INFORMATION SHOWN:
------------------------------------------------------------

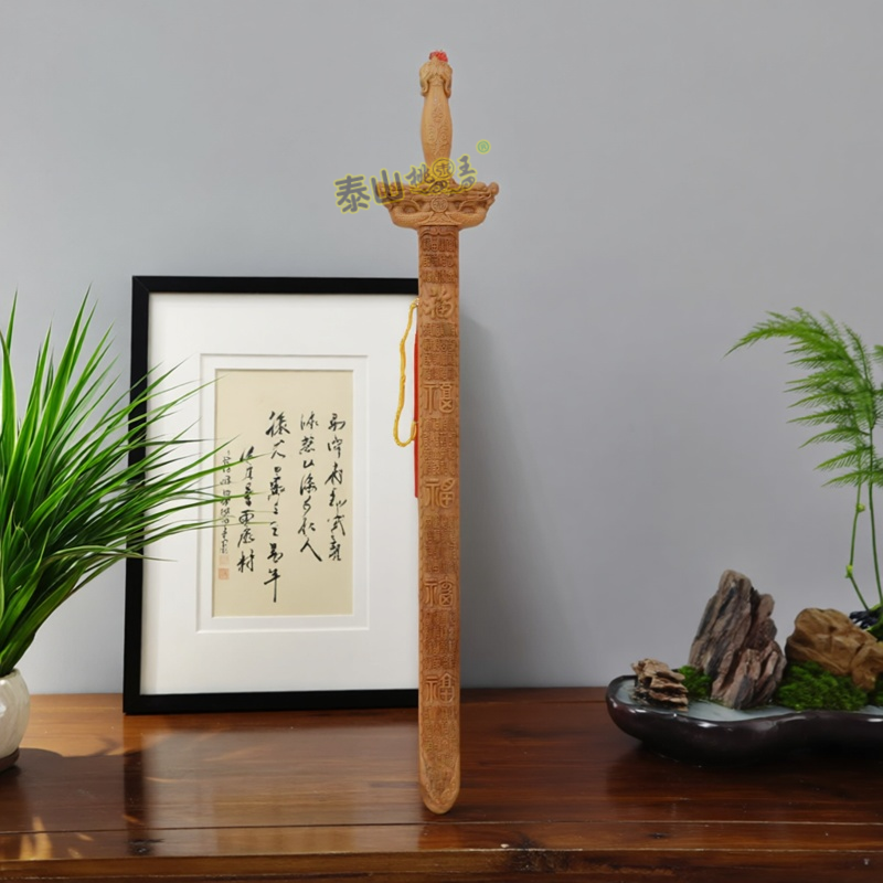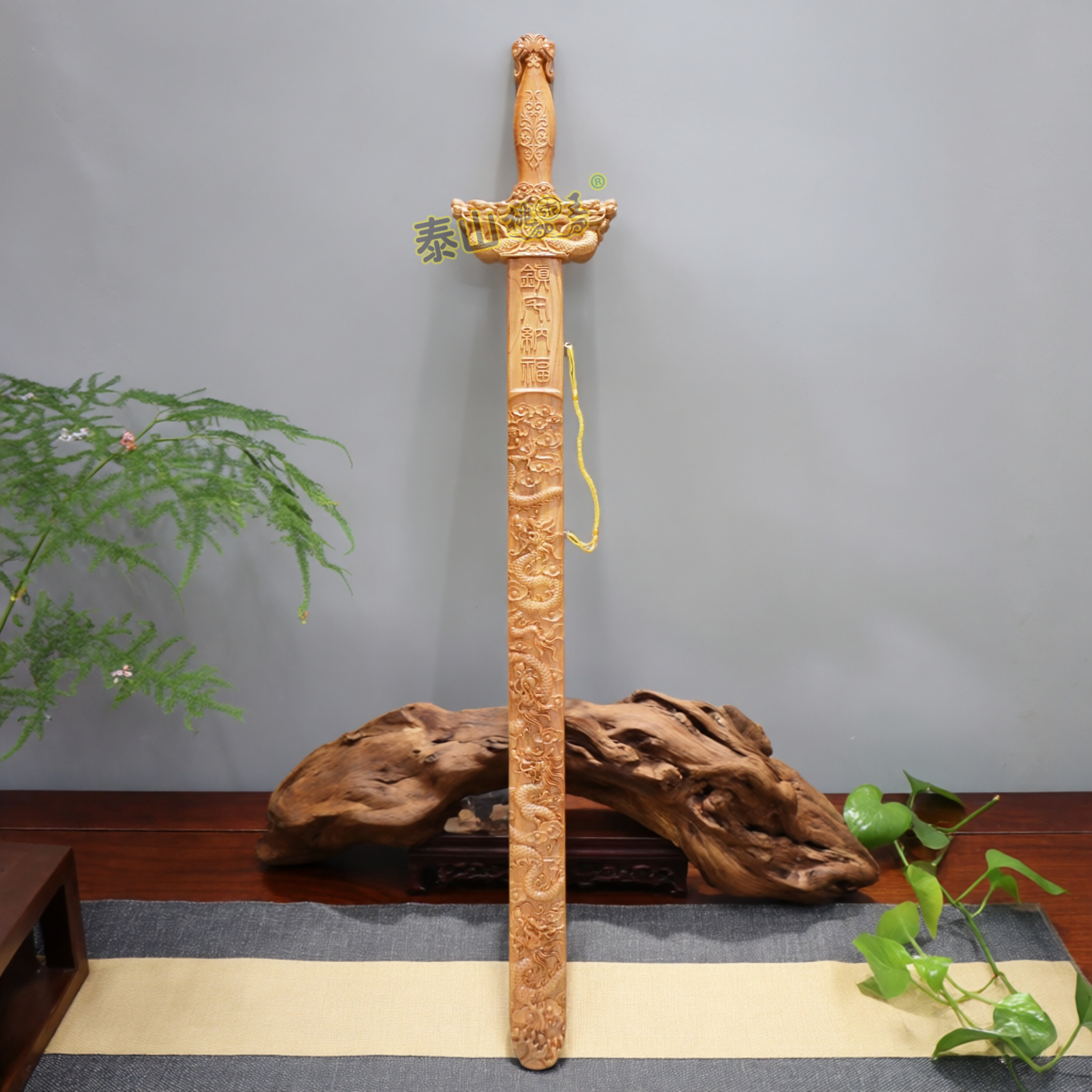 桃木雕刻1.2米宝剑装饰摆件中式古典工艺品家居客厅装饰品
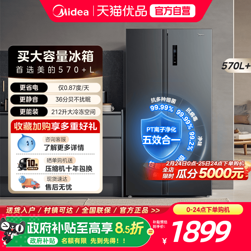 📚 美的570+对开双开门两门大容量家用冰箱一级节能风冷无霜超薄
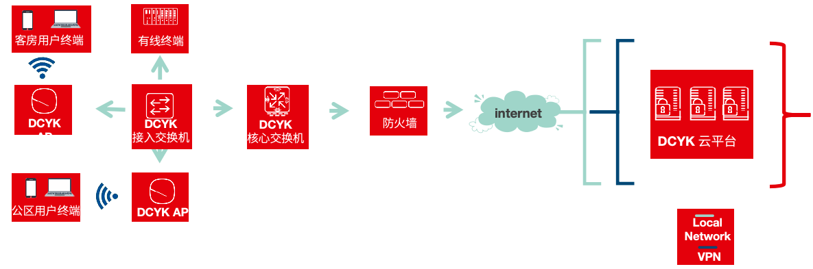 • 通过DCYK酒店综合云管理平台,用户可以使用智能零接触配置让用户的网络在几分钟内正常运行。
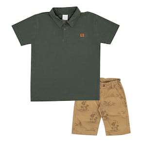 Arrumadinho e estiloso para ocasiões e momentos especiais do seu garotinho. Composto por camiseta modelo polo piquet com elastano na cor militar, gola com abertura de botões e etiqueta termocolante. Já a bermuda sarja na cor caramelo possuí estampa digital com árvores e folhagens.

------------------------------------------------------------

THE TASK:
Word-for-word output of the material above is needed, with the pictures left out.

YOUR RESPONSE:
 桃木雕刻1.2米宝剑装饰摆件中式古典工艺品家居客厅装饰品
 📚 美的570+对开双开门两门大容量家用冰箱一级节能风冷无霜超薄
 • 通过DCYK酒店综合云管理平台,用户可以使用智能零接触配置让用户的网络在几分钟内正常运行。
 Arrumadinho e estiloso para ocasiões e momentos especiais do seu garotinho. Composto por camiseta modelo polo piquet com elastano na cor militar, gola com abertura de botões e etiqueta termocolante. Já a bermuda sarja na cor caramelo possuí estampa digital com árvores e folhagens.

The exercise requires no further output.